PrincetonUniversity / DP_GP_cluster

BSD 3-Clause "New" or "Revised" License
76 stars 26 forks source link

apply on data other than expression #26

Closed johaGL closed 3 years ago

johaGL commented 3 years ago

Hello, thank you for your great software. I would like to use it on two datasets, one has 4 time points, the other only 3 time points. I have a list (unfiltered) of "highly dynamic genes" with respective Log2FoldChange and pvalue between each two consecutive time points (DESeq2). I have 3 biological replicates for each time point. My question is:

IanMcDowell commented 3 years ago

You do not have to use (log) TPM data. In fact, log2FC is preferred. However, this tool may not be the right one for your application. Because you only have three timepoints, modeling trajectories with a Gaussian process is overkill. Hierarchical clustering should be sufficient for this task, and the resultant dendrogram and heatmap will be helpful exploratory tools.

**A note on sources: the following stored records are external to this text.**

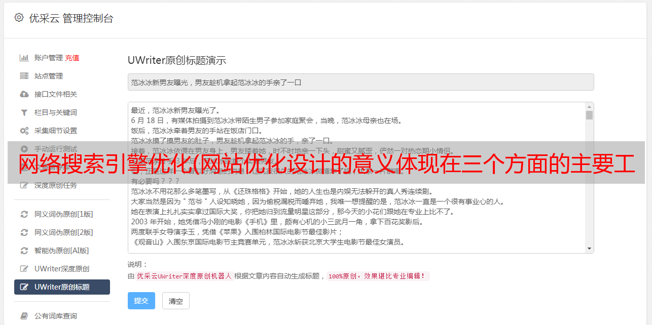 优采云 发布时间: 2022-04-07 05:28网络搜索引擎优化(网站优化设计的意义体现在三个方面的主要工作)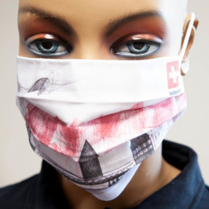 Ochranné rúška z limitovanej edície sú určené najmä na export do Švajčiarska. Grafika znázorňuje najstarší zastrešený drevený most…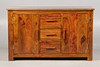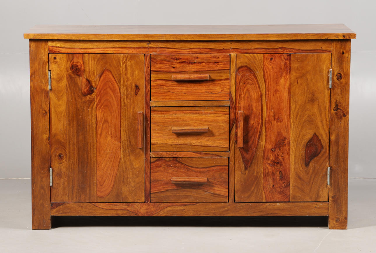 Fitted with three drawers and a cupboard door either side, 139.5 cm wide, 85 cm high, 45 cm deep.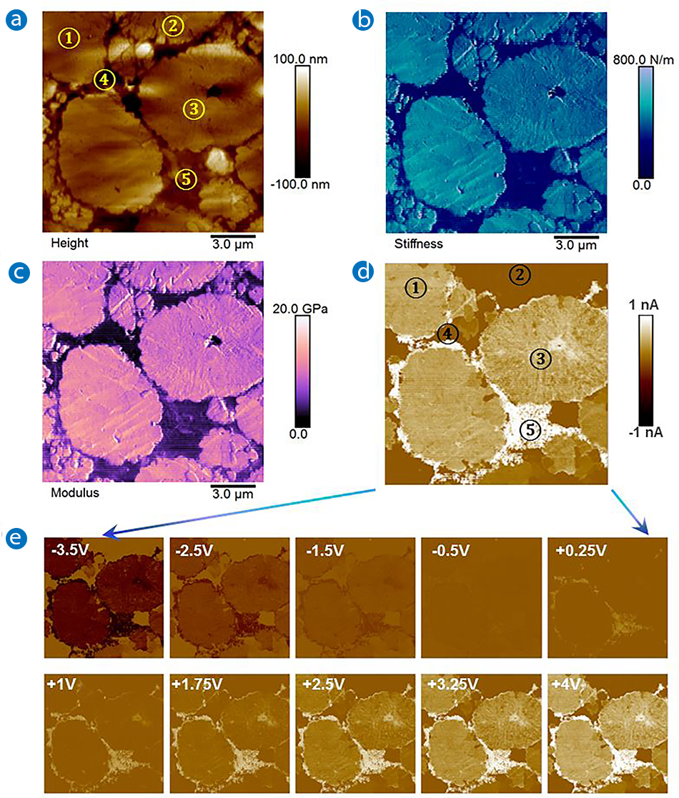 Figure 6. DCUBE-TUNA study of a battery cathode consisting of Li metal oxide (1)-(3), polymer binder (4), and conductive carbon nanoparticles (5): (a) surface topography; (b) quantitative surface stiffness differentiating different domains; (c) quantitative modulus map; and (d)-(e) TUNA current slices from the spectroscopic mapping at selected sample voltages. The scanning area is 15x15 µm2.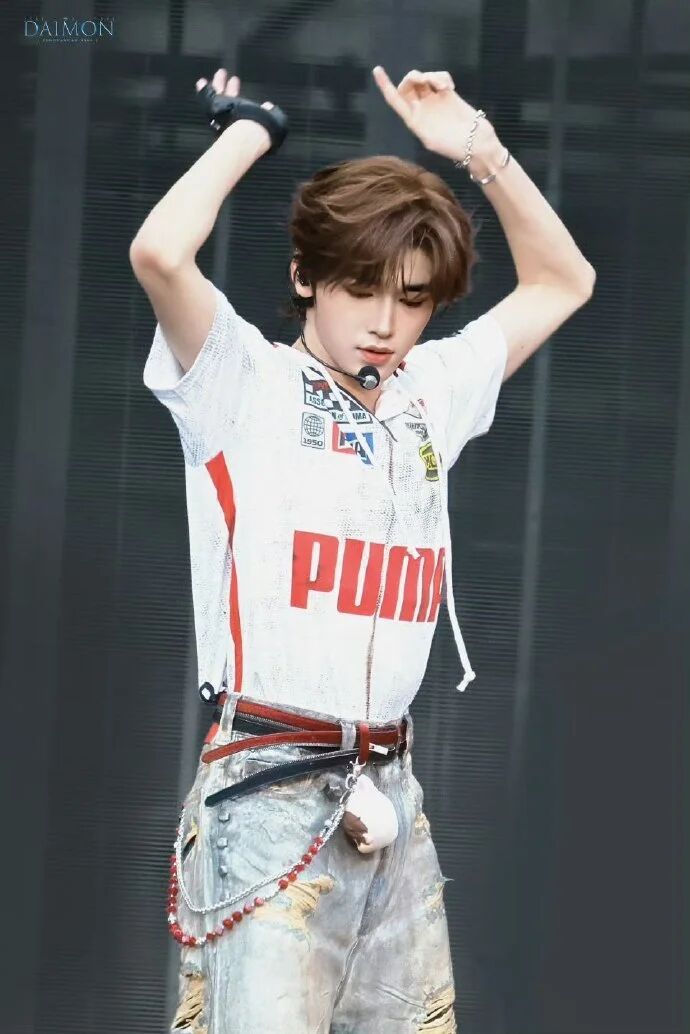 破洞是 “浅度的松弛柔”,不是烂大街的夸张破,做旧的肌理衬着舞台的随性;裤型是 “利落的窄脚劲”,没垮成软塌的堆堆裤,利落的线条托着上身的锐,随性没变成 “散的懒”,反而和活力撞出平衡。第三重平衡:茶棕的甜,衬着造型的酷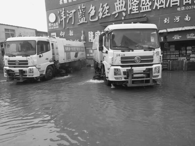 七辆环卫抽水车驶进市场,开始抽院子里的积水。一直忙到晚上7点多才离开。刘涛和相关人员又排查了市场隐患后,才赶回去开会。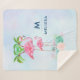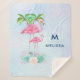 Personalized sherpa blanket with a name and initial. Designed with an illustration of a momma and baby pink flamingo standing on a bed of floral succulent flowers with green palm trees swaying in the back. Tropical and pretty. The background is a summery light blue watercolor with hints of purple.

As an aside, it is convention to compare each timepoint to the baseline timepoint instead of comparing each timepoint to its immediately preceding timepoint. This will yield more readily interpretable and plottable values. (For example, under your scheme, plot out if a gene has log2FC 1vs2 = 2 and 2vs3 = 0, then plot the same values under different contrasts, 1vs2 = 2 and 1vs3 = 2.)

johaGL commented 3 years ago

Thank you very much, sorry for my late reply. We appreciate equally the second advice you gave us. Best regards.